Михаил Демиденко - Приключения Альберта Козлова
Она разулась. Ноги у нее были ужасными. Натруженными, шишковатыми, большими. Ножки, ножки! Сколько вы дорог измерили, от каких напастей унесли, сколько грязи потоптали, пересекли перелесков, меж, о какие пни спотыкались, о какие коряги убивались, в холоде, в зное, спасители и враги.
Серафима Петровна инстинктивно спрятала ноги под лавку.
— Они у меня болят, — сказала она тихо.
Когда Серафима Петровна вышла в сапогах на середину подвала, прошлась, тихо пристукнула каблуком, забылось увиденное.
— Барыня угорела, — запела Серафима Петровна, — много сахару поела…
— Барыня, барыня, сударыня-барыня… — захлопали мы в ладоши, даже Ванятка заулыбался, засмеялся взахлеб и ударил ладушки.
Потом начались разговоры, пересыпчатые и откровенные.
Серафима Петровна опросила Степку-Лешку, как его фамилия.
— Не имеет значения, — неожиданно помрачнел моряк. — Мне ее выправили.
— А как настоящая? Хоть знать, кого благодарить.
— От отца я отрекся. — Степка-Лешка сдвинул на столе миски. Он глядел в пол.
— Как? — села рядом на лавку Серафима Петровна, разгоряченная пляской.
— Ума не приложу, — сказал моряк. — Не прощу себе.
— Кто отец-то был?
— Отец? Отец был герой. Командиром в гражданскую, воевал в Испании, потом попал во Францию, интернировали, а когда приехал…

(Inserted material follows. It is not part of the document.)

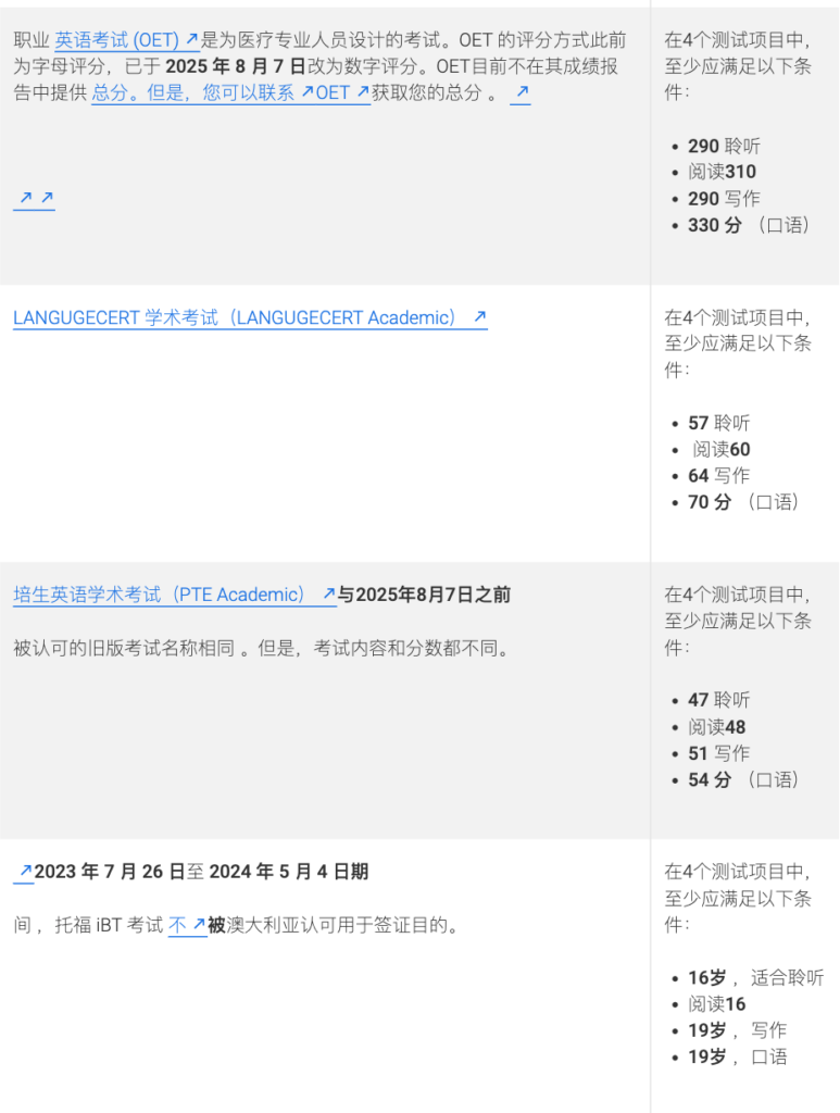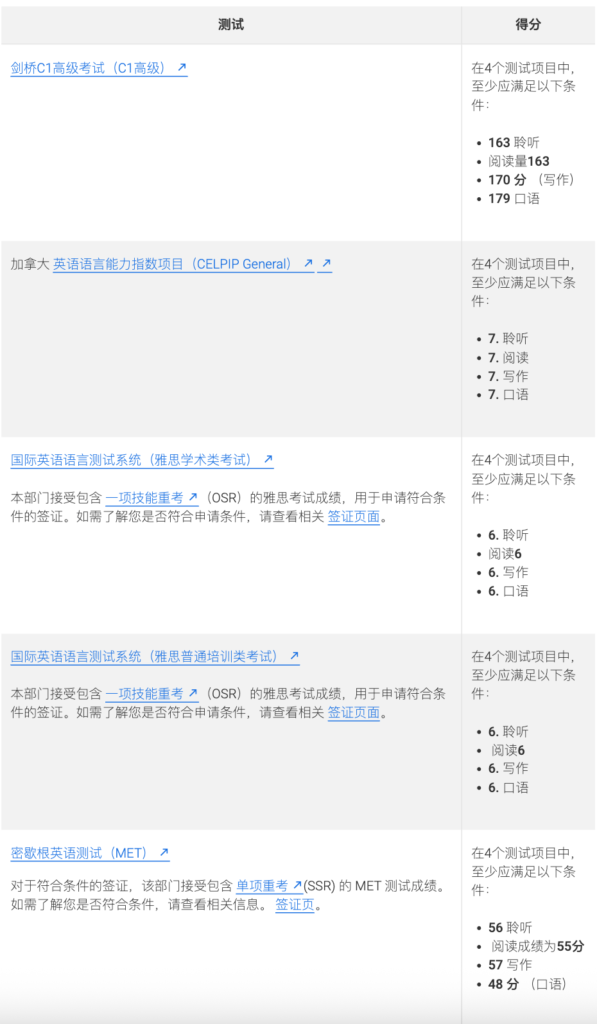 在申请签证之前的3 年内,您已达到表1 的一项考试成绩
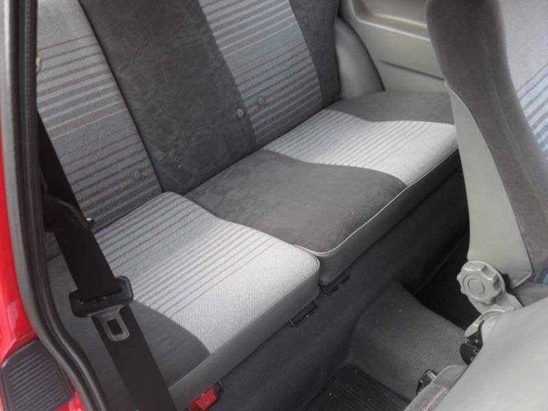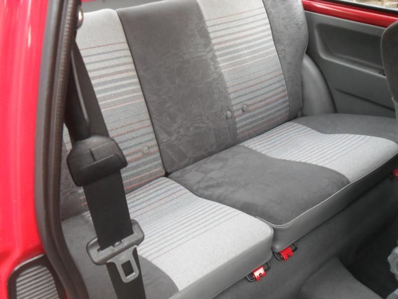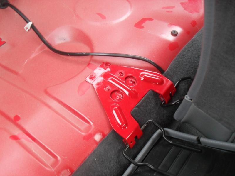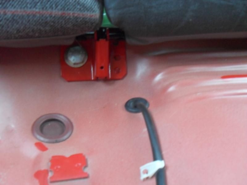 I later sourced the rear seat brackets from a gsi project of Phil lofthouses who wouldnt be needing them. Big thanks to Phil who relieved his shell of the needed parts of floor section that the brackets were on! I had one of the panel guys from work very neatly seperate the brackets from the floor section so they could easily be re used. I then cleaned them up and painted them in carmine red. Now as many of you know the rear bracket can be easily bolted in but the front one needs to be fitted via weld/rivets or run completely without the front bracket as Ive seen some do in the past. However I wanted it to be done neatly and properly so thought out my options and one of the guys from work came up with idea of using a proper 2k adhesive bonder to effectively glue it down. Now I know this may sound dodgy but the product we used is the same gear we've been using to fit Bmw roofskins/quarter panels for years and it sets like concrete and is the official repair method/product so Im sure it would suit a bracket that doeant really take any load. So with the rear seats in position I could mock up exactly were the front bracket needed to be marked it out and rubbed this area back to bare metal. The rear of the bracket was treated to the same and the next time we had a car in for a quarter I used a little left over product to glue the front and rear brackets into position and left a heavy weight on the front one overnight so it didnt move. With the brackets succesfully in place the only last thing to sort was a smaller bracket that sits in the centre/left of the rear bench area. This sticks up and prevents the rear bench sitting down fully as you can see in the picture above on the left side. To fix this I cut the top off it then ground/sanded the remainder until it was flush with the floor and finished by re painting it. Below you can see how they look........

— Да, — посерьезнела Серафима Петровна. — Обилие порождает расточительность. Выше голову, не будем вспоминать. Поняла. Многих зацепило. Угомонитесь, ребятишки. Я хотела назвать Ванечку Ермаком, в честь Ермака Тимофеевича, покорителя Сибири, да муж возражал, пришлось согласиться, он ожидал наследника нашей учительской династии. Моя прабабка была из разночинцев.
— Знаю, проходил, — сказал Степка-Лешка. — Чернышевский, Добролюбов.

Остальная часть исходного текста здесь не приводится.